Source data:
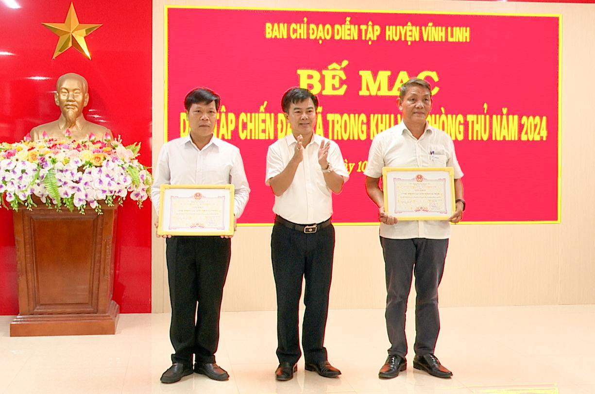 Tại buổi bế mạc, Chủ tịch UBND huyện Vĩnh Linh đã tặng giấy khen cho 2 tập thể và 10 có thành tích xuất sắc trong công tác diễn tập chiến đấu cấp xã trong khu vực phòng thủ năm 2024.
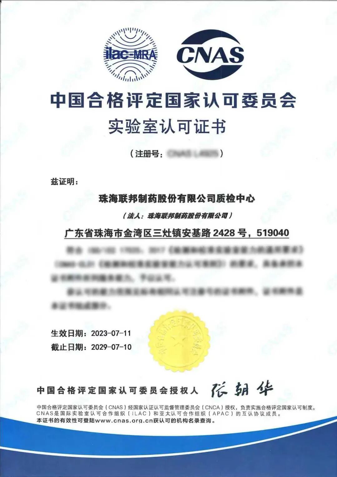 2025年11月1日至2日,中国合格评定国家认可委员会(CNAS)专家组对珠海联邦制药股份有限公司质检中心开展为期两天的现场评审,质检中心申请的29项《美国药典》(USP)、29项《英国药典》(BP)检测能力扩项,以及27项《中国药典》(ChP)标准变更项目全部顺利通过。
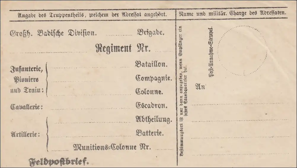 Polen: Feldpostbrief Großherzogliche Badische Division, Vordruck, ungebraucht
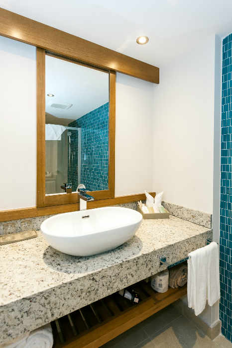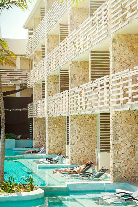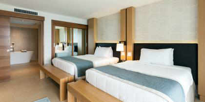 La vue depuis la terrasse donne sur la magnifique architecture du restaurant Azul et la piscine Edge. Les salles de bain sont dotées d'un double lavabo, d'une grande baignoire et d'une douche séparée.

What to work on: Would you transcribe all of the data exactly, apart from its pictures?

Exercise output:
 Tại buổi bế mạc, Chủ tịch UBND huyện Vĩnh Linh đã tặng giấy khen cho 2 tập thể và 10 có thành tích xuất sắc trong công tác diễn tập chiến đấu cấp xã trong khu vực phòng thủ năm 2024.
 2025年11月1日至2日,中国合格评定国家认可委员会(CNAS)专家组对珠海联邦制药股份有限公司质检中心开展为期两天的现场评审,质检中心申请的29项《美国药典》(USP)、29项《英国药典》(BP)检测能力扩项,以及27项《中国药典》(ChP)标准变更项目全部顺利通过。
 Polen: Feldpostbrief Großherzogliche Badische Division, Vordruck, ungebraucht
 La vue depuis la terrasse donne sur la magnifique architecture du restaurant Azul et la piscine Edge. Les salles de bain sont dotées d'un double lavabo, d'une grande baignoire et d'une douche séparée.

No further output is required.